-- Collected material follows --
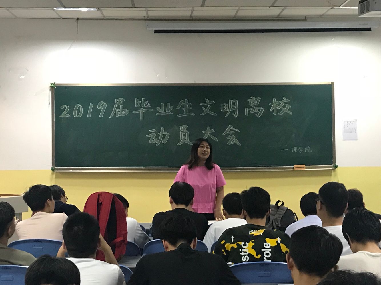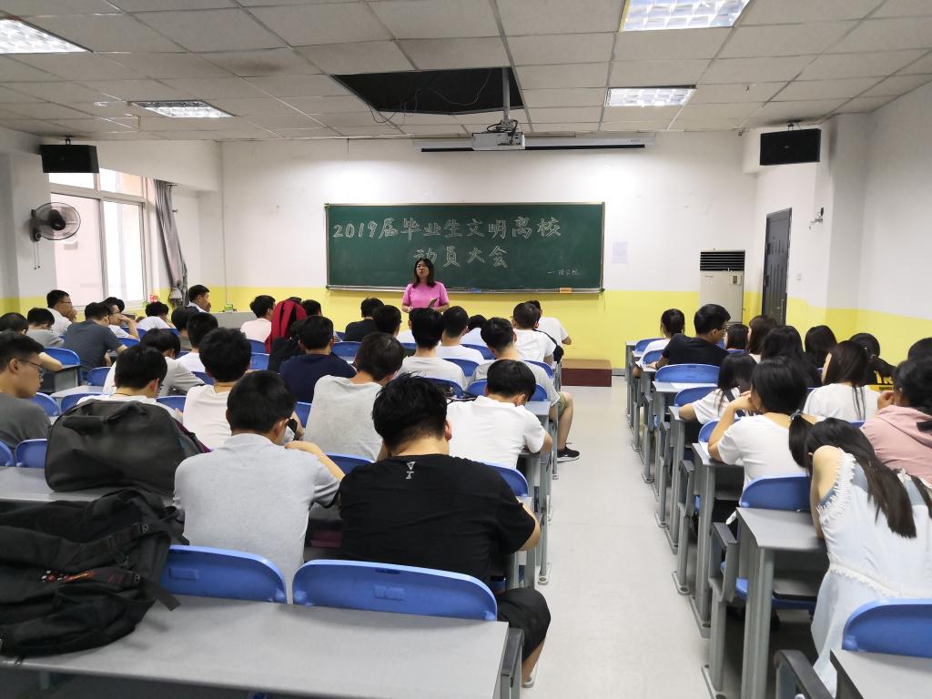 为提高毕业生文明离校意识,做好毕业生文明离校工作,6月13日19点30分,beat365英国官方网站在南楼408教室召开了2019届毕业生文明离校动员大会。beat365英国官方网站党总支书记李小光、学生管理科科长李扬、辅导员杨陈东和全体2019届毕业生参加了会议。会议由李扬主持。
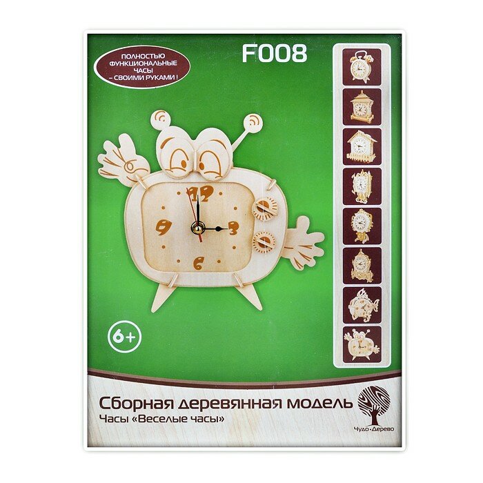 Сборная деревянная модель Wooden Toys Веселые часы (F008)
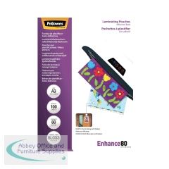 Fellowes A3 Laminating Pouch Adhesive Back 80 Micron Clear High Gloss (Pack of 100) 5302302. Fellowes laminating pouches compatible with all laminator brands. Ideal for notices, craft materials, signage and frequently handled documents.
-- Collected material concluded --
**Exercise brief:** Print the whole listing exactly, please, and keep any images out of it.

**Solution for this problem:**
 为提高毕业生文明离校意识,做好毕业生文明离校工作,6月13日19点30分,beat365英国官方网站在南楼408教室召开了2019届毕业生文明离校动员大会。beat365英国官方网站党总支书记李小光、学生管理科科长李扬、辅导员杨陈东和全体2019届毕业生参加了会议。会议由李扬主持。
 Сборная деревянная модель Wooden Toys Веселые часы (F008)
 Fellowes A3 Laminating Pouch Adhesive Back 80 Micron Clear High Gloss (Pack of 100) 5302302. Fellowes laminating pouches compatible with all laminator brands. Ideal for notices, craft materials, signage and frequently handled documents.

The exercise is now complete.